Publication Date:
2008-05-29
Description:
An interval of episodic carbonate productivity, lithostratigraphically recognized as the Calcaires inferieurs' (upper member of the Adoudou Formation), took place across the Neoproterozoic-Cambrian transition onlapping the western Saghro inlier, Morocco. Sedimentation of the Calcaires inferieurs' was highly variable: in relatively stable substrates, a peritidal-dominated mixed platform is recorded where deposition was primarily controlled by autocyclic processes and accommodation space availability, whereas, in unstable substrates, the tectonic activity associated with the inherited block-faulting basement led to deposition of complex slide sheets composed of penecontemporaneous isoclinal folds and disrupted strata.

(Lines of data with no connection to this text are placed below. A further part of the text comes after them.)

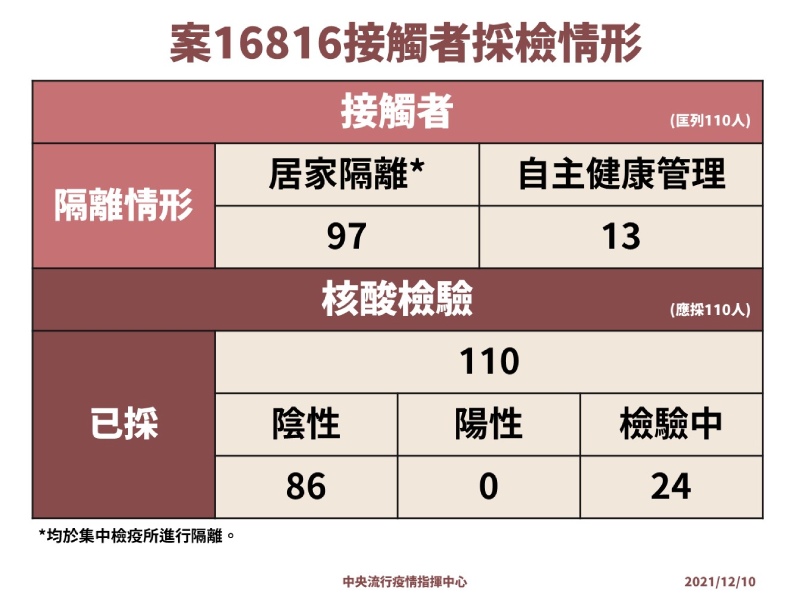 案16816原為中央研究院員工,離職隔日確診,陳時中說明,區管中心及地方衛生局昨日晚間已積極匡列接觸者並隔離,全部到集中檢疫所隔離採檢,目前有97人居家隔離、13人自主健康管理,此110人當中,86人為陰性,24人檢驗中。陳時中也提醒,檢驗為陰性者不代表未染疫,可能為尚未發病,仍需要進行隔離。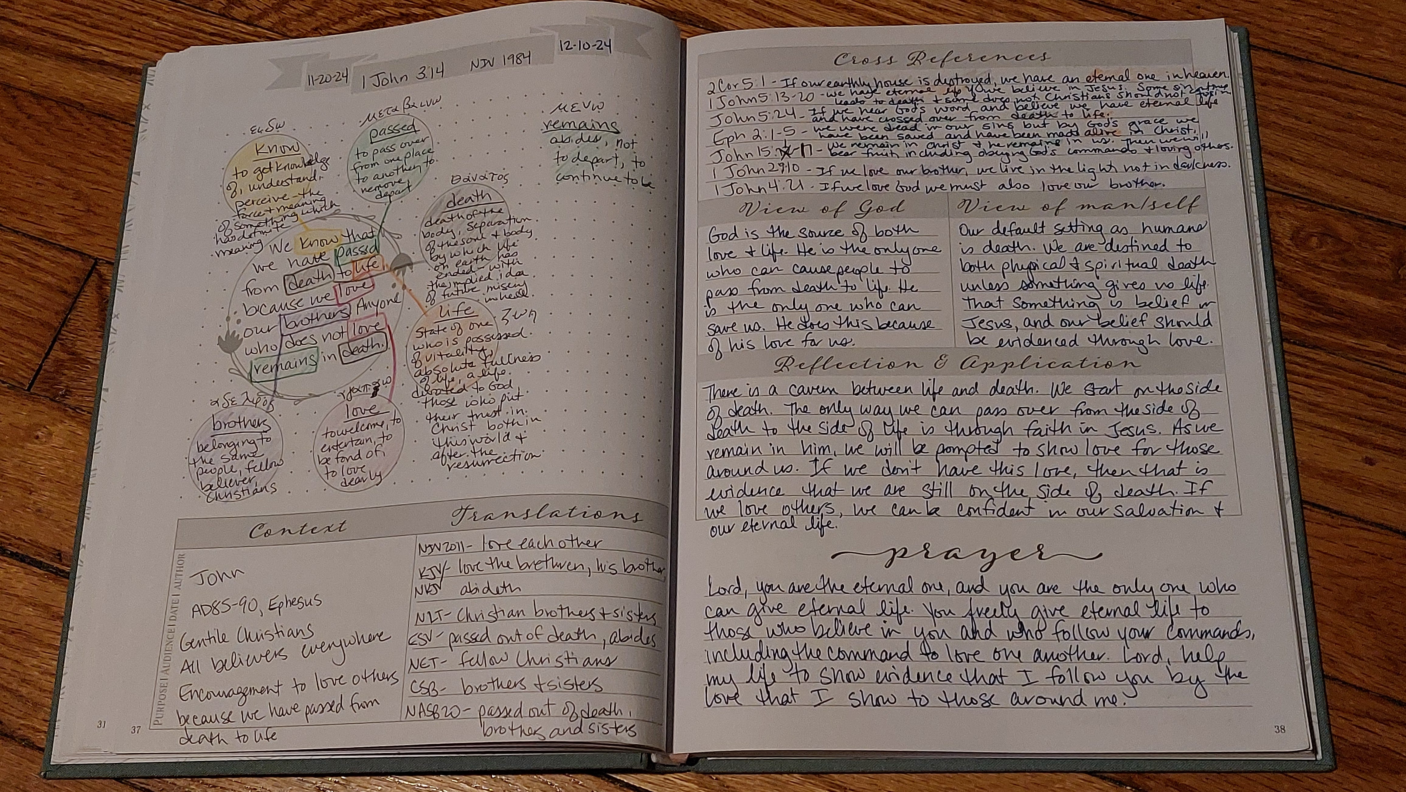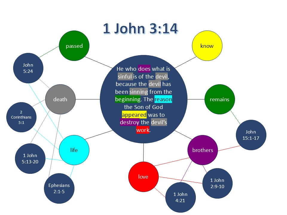 Here is an image of my verse map for 1 John 3:14. I will also type out what I have written for easier reading.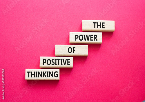 © Natallia, Obraz premium Positive Thinking symbol. Wooden blocks with words The Power of Positive Thinking. Beautiful red background. Positive Thinking concept. Copy space.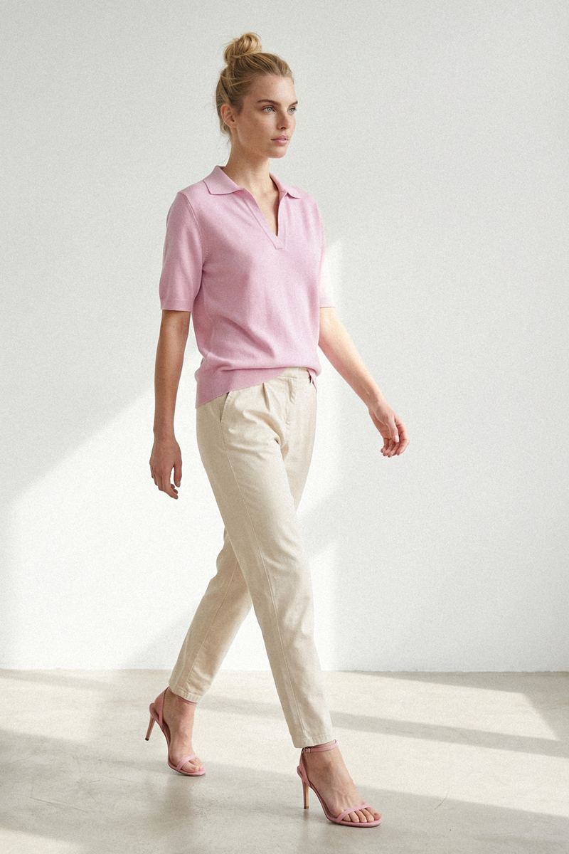 Ženska majica kratkih rukava modernog i udobnog kroja, izrađena od laganog materijala koji prijatno leži na telu. Savršena je za svakodnevno nošenje i lako se kombinuje uz različite outfite. Dostupna u svetlo roze i svetlo plavoj boji.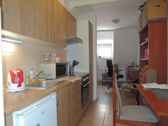 Kuchyně je zařízená spotřebiči včetně ledničky. Jinak bez nábytku. V domě je k dispozici výtah.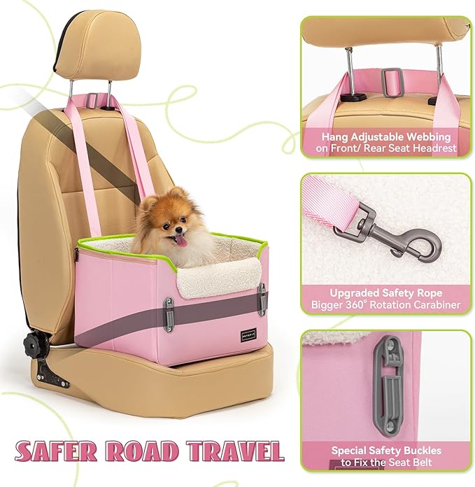 PETSFIT Small Dog Car Seat, Puppy Portable Dog Booster seat for Car with Clip-On Leash, Adjustable Straps Suitable for Small Pets Up to 25lbs (Pink)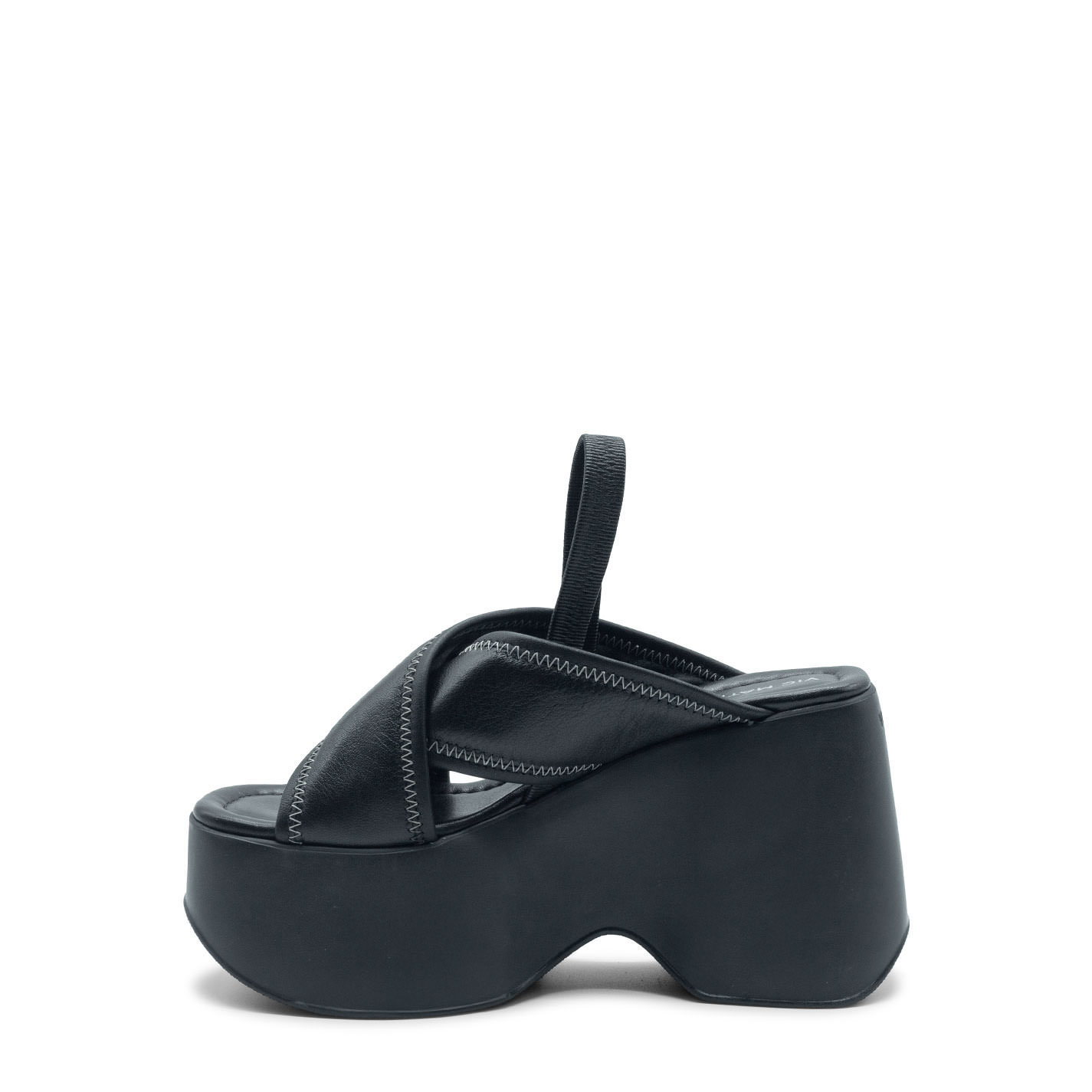Elastic covered in leather for greater stability. Wedge in super light, comfortable and tonal rubbery material with non-slip tread. Padded leather insole enriched with stitching. Made in Italy.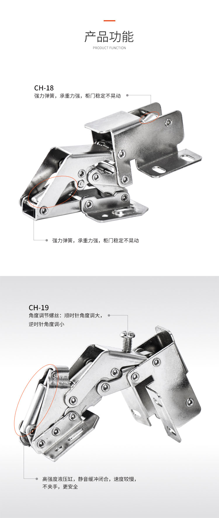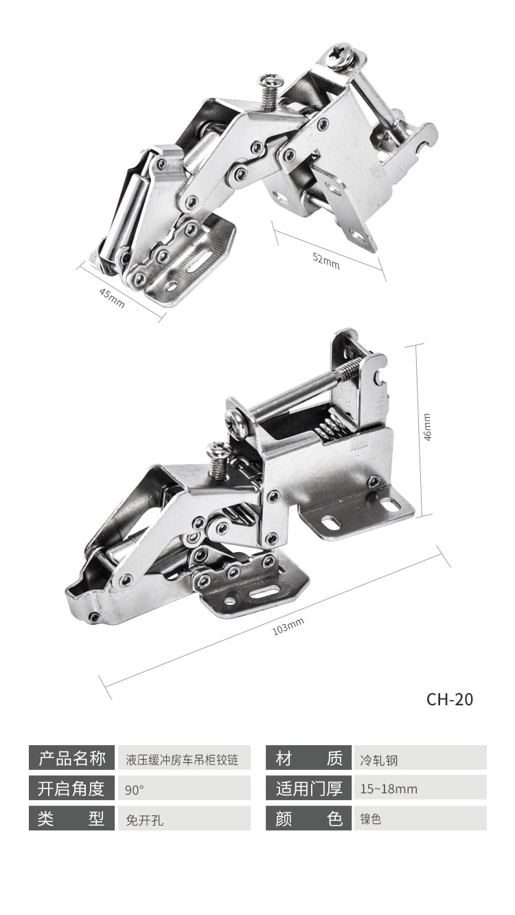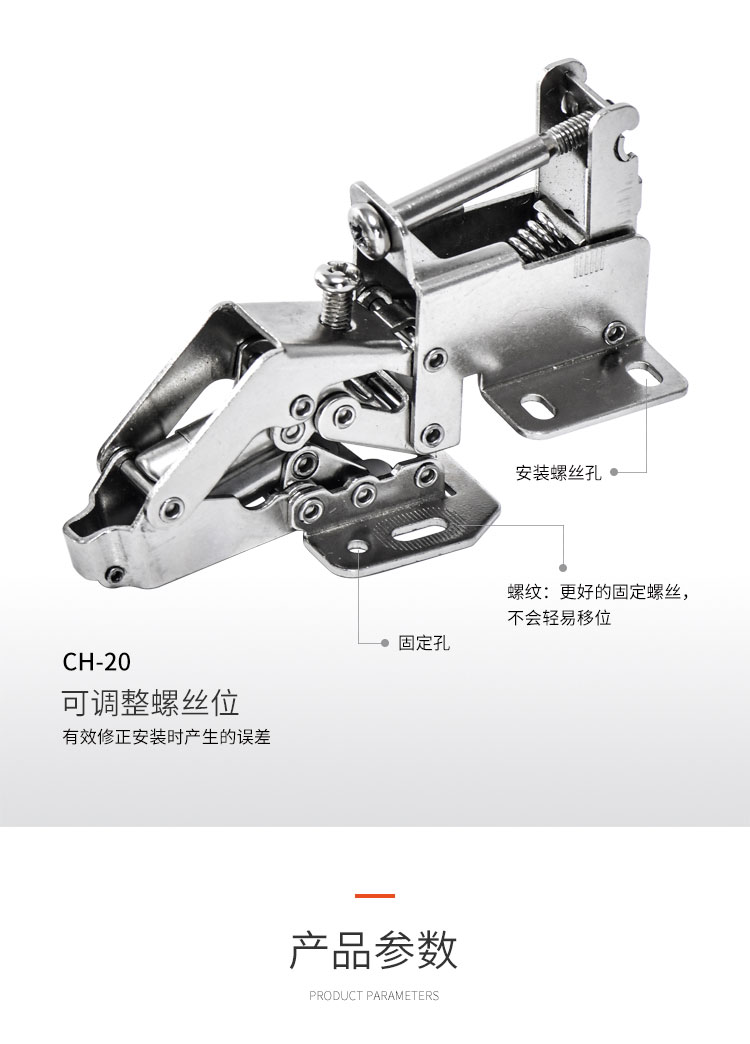 材質(zhì)冷軋鋼,鎳色,開(kāi)啟角度90°,適合門厚15-18mm,適用于90°轉(zhuǎn)角柜,層疊門板安裝,開(kāi)啟L型,帶調(diào)節(jié)力度和開(kāi)啟角度螺絲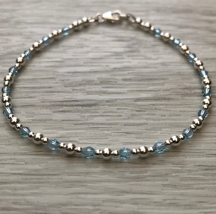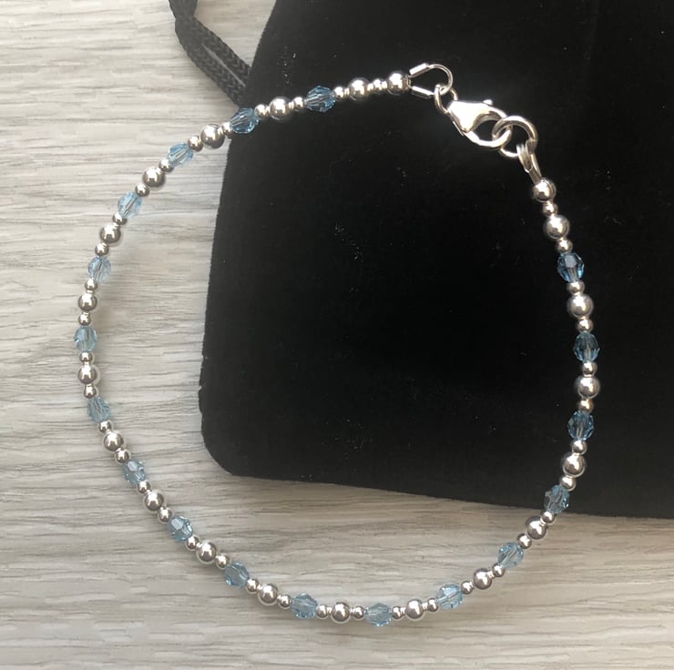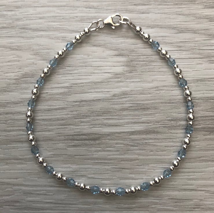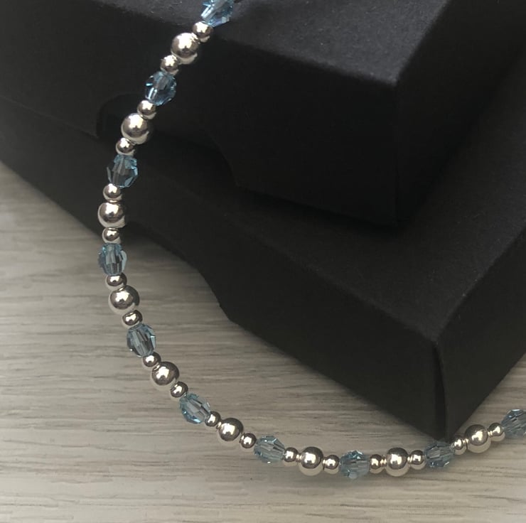 Made using 3mm aquamarine Swarovski beads along with 2mm and 3mm sterling silver beads. Hand wired onto strong tiger tail beading wire. Fastens with a sterling silver lobster clasp.

The uppermost part of the Calcaires inferieurs' displays a negative {delta}13C shift reaching values of -6.5{per thousand}. This shift may represent the {delta}13C excursion to -6{per thousand} that marks the Neoproterozoic-Cambrian boundary in the western Anti-Atlas. Two volcanic episodes bracketed the carbonate productivity. They consist of lower basaltic flows and an upper rhyolitic ignimbrite, with a SiO2 gap between 52 and 74 wt%. The basic rocks resemble those of tholeiitic magmas in continental rifts. The felsic rocks show high light to heavy rare earth element abundances and negative Nb, Ta, P and Ti anomalies, and were probably generated as a result of either fractional crystallization coupled with relative crustal contamination, or from a different magmatic source. The lower basic flows of tholeiitic affinity predated and geochemically differ from the alkaline magmatism of the Alougoum volcanic complex (Boho jbel) that surrounds the neighbouring Bou-Azzer inlier.